Scientific classification
- Kingdom: Animalia
- Phylum: Chordata
- Class: Aves
- Order: Passeriformes
- Family: Pycnonotidae
- Genus: Pycnonotus
- Species: P. bimaculatus
- Binomial name: Pycnonotus bimaculatus (Horsfield, 1821)
- Synonyms: Turdus bimaculatus;

= Orange-spotted bulbul =

- Authority: (Horsfield, 1821)
- Conservation status: NT
- Synonyms: Turdus bimaculatus

Species of songbird

The orange-spotted bulbul (Pycnonotus bimaculatus) is a species of songbird in the bulbul family of passerine birds. It is endemic to Java, Bali and Sumatra.

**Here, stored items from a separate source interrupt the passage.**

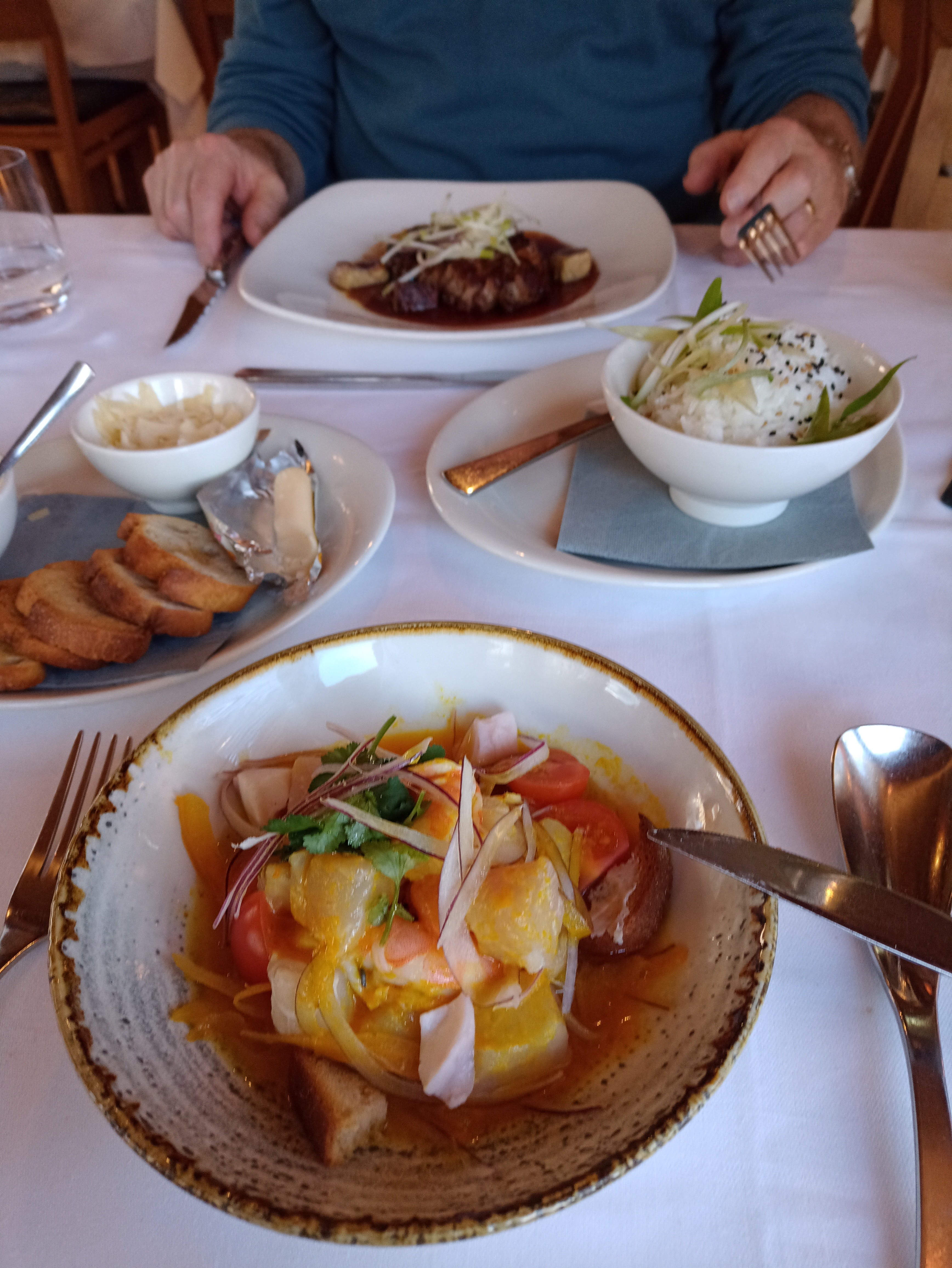 Bonne soirée au Cap Horn mais nous avons dû demander deux fois notre bouteille de vin et quatre fois un verre de vin alors que les plats sont arrivés très vite. Un peu bruyant à cause d'un groupe à proximité de notre table.
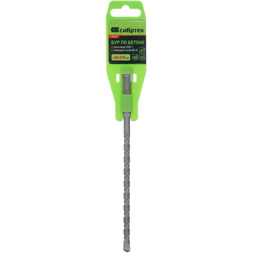 Бур по бетону Сибртех 70560 размером 8 х 210 мм предназначен для перфораторов с хвостовиком типа SDS Plus.
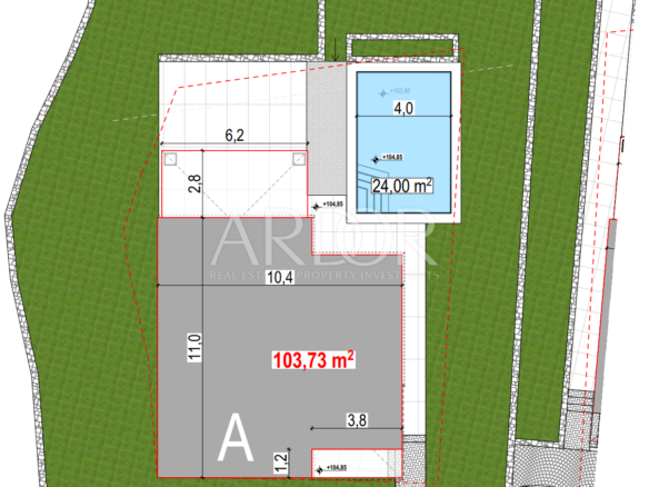 Građevinsko zemljište veličine 561,47 m2 sa predanom dokumentacijom za ishodovanje građevinske dozvole. Vila A iz projekta ima vlastiti privatni bazen, vanjsku natkrivenu terasu, vrt, parkirališta i podrum. Na prizemlju, velikom 102,62 m2 nalaze se kuhinja, dnevni boravak i jedna spavaća soba s kupaonicom, dok na katu veličine 70,30 m2 nalaze se tri sobe, te dvije kupaonice.
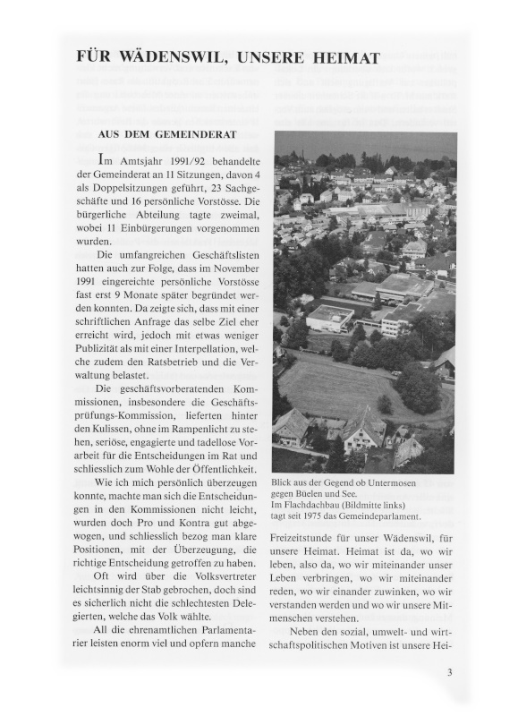 Im Amtsjahr 1991/92 behandelte der Gemeinderat an 11 Sitzungen, davon 4 als Doppelsitzungen geführt, 23 Sachgeschäfte und 16 persönliche Vorstösse. Die bürgerliche Abteilung tagte zweimal, wobei 11 Einbürgerungen vorgenommen wurden.
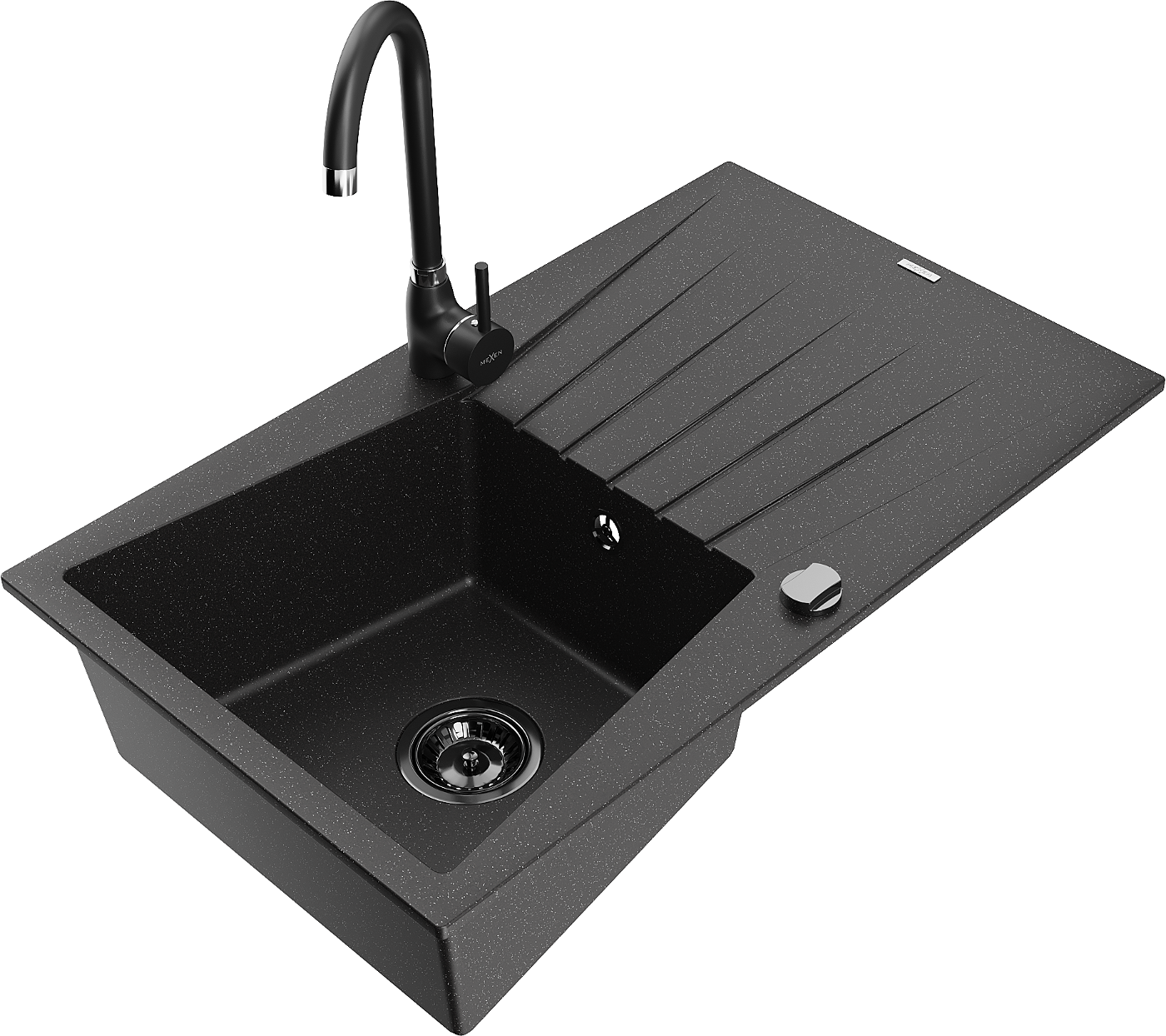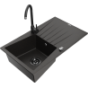 Mexen Cesar granite sink 1-bowl with drainer and Telma kitchen tap, black/silver - 6514-73-670200-70-B

It favors forest edges and open meadows in montane forests.

==Taxonomy and systematics==
The orange-spotted bulbul was originally described in the genus Turdus by Thomas Horsfield in 1821. Until 2016, the Aceh bulbul (Pycnonotus snouckaerti) was considered as a subspecies of the orange-spotted bulbul until split by the IOC. Most other authorities have not yet recognized this split.

===Subspecies===
Two subspecies are recognized:
- P. b. bimaculatus – (Horsfield, 1821): Found on south-western Sumatra, western and central Java
- P. b. tenggerensis – (van Oort, 1911): Found on eastern Java and Bali

== Description ==
Up to 20 cm long. It is a dark-colored and active bulbul with a rounded tail.

=== Calls ===
It is a noisy bird, giving out a variety of harsh and loud calls and songs.

== Behaviour and ecology ==

=== Diet ===
It is a frugivore.

=== Reproduction ===
It breeds throughout the year. Nesting occurs year-round, peaking in May. Nests are robust and cup-shaped.